··· Material provided ···
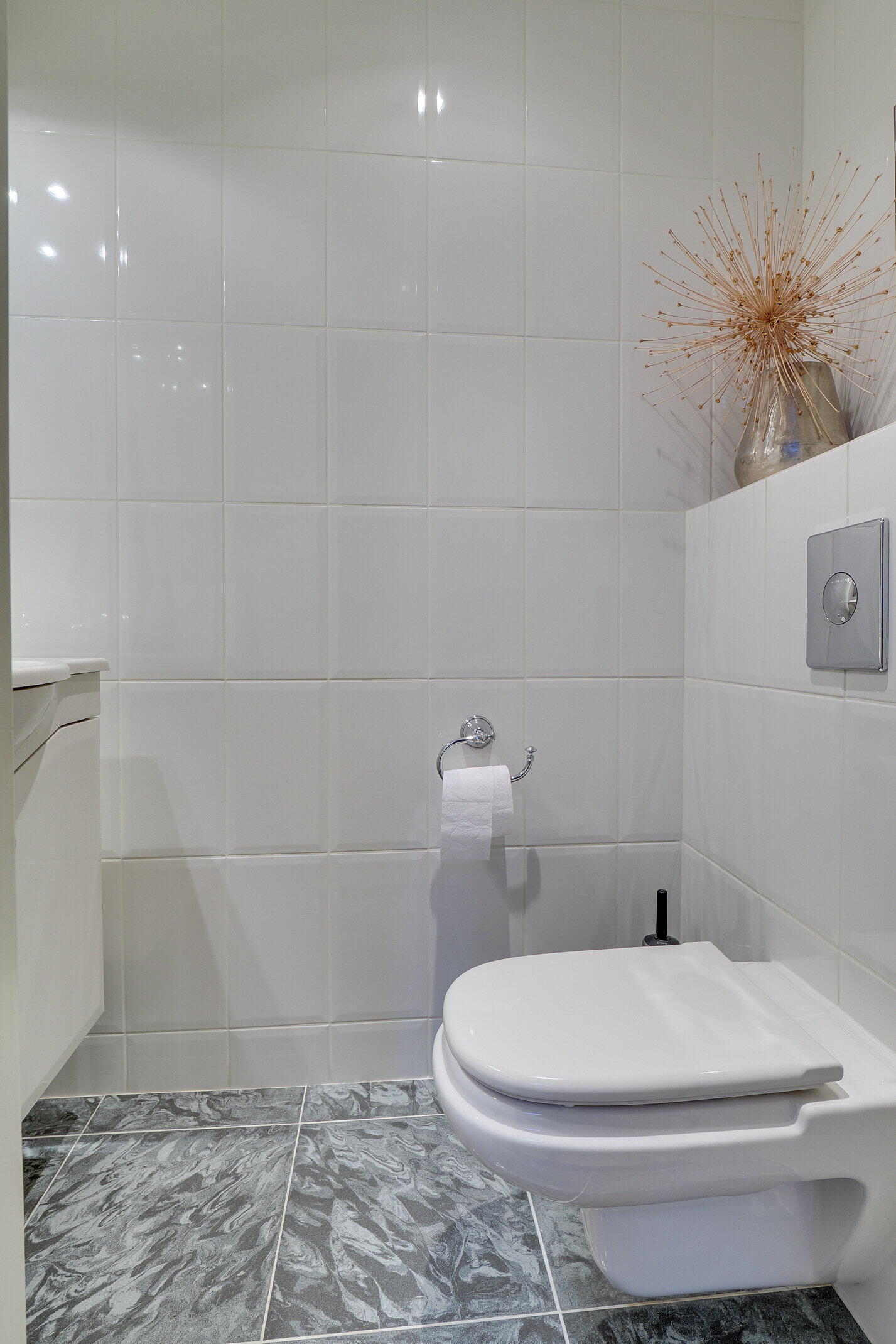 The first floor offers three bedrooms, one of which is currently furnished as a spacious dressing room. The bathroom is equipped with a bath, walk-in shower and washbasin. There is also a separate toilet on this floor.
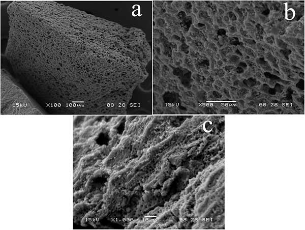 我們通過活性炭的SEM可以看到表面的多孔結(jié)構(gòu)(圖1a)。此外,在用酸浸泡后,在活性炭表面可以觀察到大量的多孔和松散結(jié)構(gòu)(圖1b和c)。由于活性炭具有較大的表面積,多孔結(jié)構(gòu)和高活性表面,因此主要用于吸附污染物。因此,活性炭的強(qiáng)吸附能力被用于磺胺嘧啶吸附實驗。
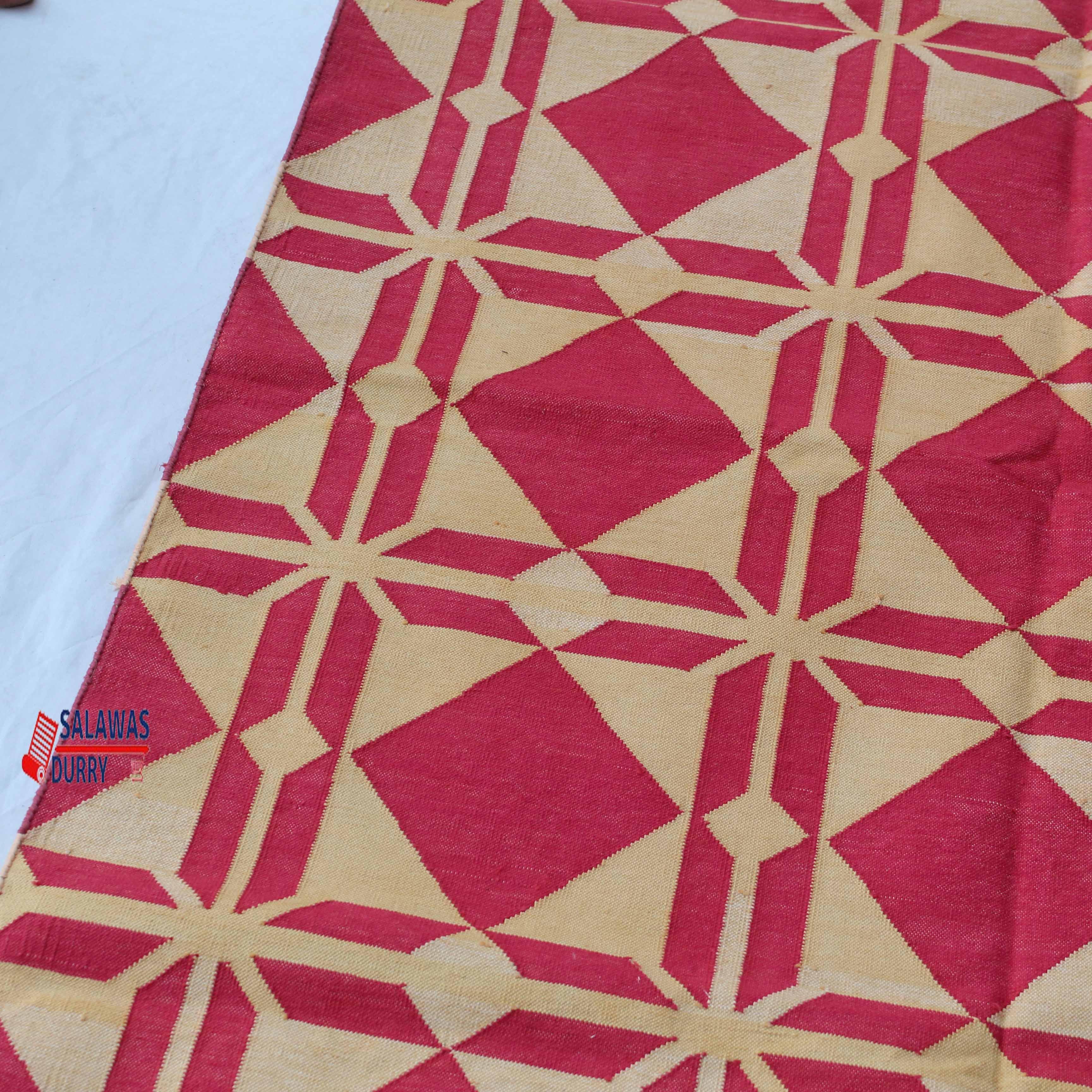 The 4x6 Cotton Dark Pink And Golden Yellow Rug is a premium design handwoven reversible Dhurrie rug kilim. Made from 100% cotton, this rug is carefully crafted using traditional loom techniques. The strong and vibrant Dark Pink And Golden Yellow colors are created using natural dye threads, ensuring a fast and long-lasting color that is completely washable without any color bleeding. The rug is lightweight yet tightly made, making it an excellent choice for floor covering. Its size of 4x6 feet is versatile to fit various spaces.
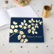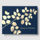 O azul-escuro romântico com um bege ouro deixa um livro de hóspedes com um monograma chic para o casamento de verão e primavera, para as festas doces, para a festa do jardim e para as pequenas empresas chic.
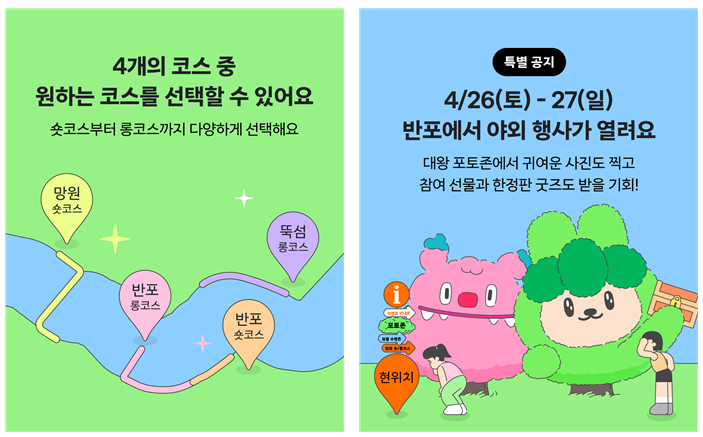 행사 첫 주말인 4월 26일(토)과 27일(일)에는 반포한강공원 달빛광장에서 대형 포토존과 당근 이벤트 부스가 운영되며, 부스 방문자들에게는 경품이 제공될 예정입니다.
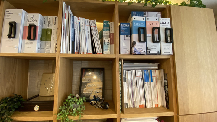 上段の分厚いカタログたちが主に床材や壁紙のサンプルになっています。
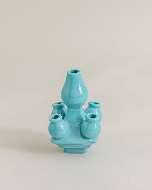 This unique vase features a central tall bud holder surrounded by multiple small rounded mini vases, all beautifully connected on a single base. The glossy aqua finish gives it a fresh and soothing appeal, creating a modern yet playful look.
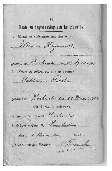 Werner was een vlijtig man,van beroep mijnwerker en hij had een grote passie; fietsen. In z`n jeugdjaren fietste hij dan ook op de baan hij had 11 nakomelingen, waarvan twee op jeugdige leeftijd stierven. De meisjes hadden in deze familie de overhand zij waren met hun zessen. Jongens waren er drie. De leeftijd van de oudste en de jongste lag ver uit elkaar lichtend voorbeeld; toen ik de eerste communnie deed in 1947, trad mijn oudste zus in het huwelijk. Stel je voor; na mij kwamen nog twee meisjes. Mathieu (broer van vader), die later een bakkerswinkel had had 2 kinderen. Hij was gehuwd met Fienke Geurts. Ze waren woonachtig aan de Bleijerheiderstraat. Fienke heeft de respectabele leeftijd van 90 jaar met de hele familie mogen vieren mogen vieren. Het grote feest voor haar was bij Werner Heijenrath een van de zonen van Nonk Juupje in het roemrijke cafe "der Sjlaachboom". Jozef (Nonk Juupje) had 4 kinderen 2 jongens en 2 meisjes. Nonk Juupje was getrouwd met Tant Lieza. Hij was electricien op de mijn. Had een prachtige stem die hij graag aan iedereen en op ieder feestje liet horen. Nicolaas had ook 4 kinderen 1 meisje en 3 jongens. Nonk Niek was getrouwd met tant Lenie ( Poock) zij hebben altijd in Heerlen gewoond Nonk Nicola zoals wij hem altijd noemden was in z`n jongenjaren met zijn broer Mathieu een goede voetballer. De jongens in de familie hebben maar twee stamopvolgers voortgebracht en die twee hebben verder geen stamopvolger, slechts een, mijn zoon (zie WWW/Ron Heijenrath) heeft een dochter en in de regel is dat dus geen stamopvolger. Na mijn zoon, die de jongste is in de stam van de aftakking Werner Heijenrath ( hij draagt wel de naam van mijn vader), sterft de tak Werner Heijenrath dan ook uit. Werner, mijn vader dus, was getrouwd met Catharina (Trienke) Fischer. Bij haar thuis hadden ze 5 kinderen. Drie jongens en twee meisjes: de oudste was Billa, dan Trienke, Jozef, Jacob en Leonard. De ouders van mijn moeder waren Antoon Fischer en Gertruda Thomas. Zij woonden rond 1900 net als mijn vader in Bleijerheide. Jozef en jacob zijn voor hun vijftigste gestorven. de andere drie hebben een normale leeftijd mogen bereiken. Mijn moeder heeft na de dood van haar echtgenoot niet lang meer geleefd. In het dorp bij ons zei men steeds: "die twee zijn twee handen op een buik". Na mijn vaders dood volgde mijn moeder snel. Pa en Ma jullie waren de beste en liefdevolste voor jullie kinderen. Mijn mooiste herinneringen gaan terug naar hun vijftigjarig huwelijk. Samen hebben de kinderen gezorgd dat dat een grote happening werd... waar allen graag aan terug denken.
···
··· Material provided ···
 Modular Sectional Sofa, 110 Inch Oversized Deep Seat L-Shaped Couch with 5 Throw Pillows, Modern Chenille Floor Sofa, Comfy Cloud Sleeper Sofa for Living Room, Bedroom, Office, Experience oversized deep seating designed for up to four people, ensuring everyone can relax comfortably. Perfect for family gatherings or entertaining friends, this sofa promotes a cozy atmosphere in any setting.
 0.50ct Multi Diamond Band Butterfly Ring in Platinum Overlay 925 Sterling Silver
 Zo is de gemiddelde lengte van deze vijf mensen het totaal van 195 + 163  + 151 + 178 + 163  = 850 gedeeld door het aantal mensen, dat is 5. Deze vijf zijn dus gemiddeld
···
* [Exercise objective]: Starting at the line above that holds "The 4x6 Cotton", repeat every line exactly down to and including the line that holds "This unique vase", then stop. Do not carry over any pictures.

* [Result of this exercise]:
 The 4x6 Cotton Dark Pink And Golden Yellow Rug is a premium design handwoven reversible Dhurrie rug kilim. Made from 100% cotton, this rug is carefully crafted using traditional loom techniques. The strong and vibrant Dark Pink And Golden Yellow colors are created using natural dye threads, ensuring a fast and long-lasting color that is completely washable without any color bleeding. The rug is lightweight yet tightly made, making it an excellent choice for floor covering. Its size of 4x6 feet is versatile to fit various spaces.
 O azul-escuro romântico com um bege ouro deixa um livro de hóspedes com um monograma chic para o casamento de verão e primavera, para as festas doces, para a festa do jardim e para as pequenas empresas chic.
 행사 첫 주말인 4월 26일(토)과 27일(일)에는 반포한강공원 달빛광장에서 대형 포토존과 당근 이벤트 부스가 운영되며, 부스 방문자들에게는 경품이 제공될 예정입니다.
 上段の分厚いカタログたちが主に床材や壁紙のサンプルになっています。
 This unique vase features a central tall bud holder surrounded by multiple small rounded mini vases, all beautifully connected on a single base. The glossy aqua finish gives it a fresh and soothing appeal, creating a modern yet playful look.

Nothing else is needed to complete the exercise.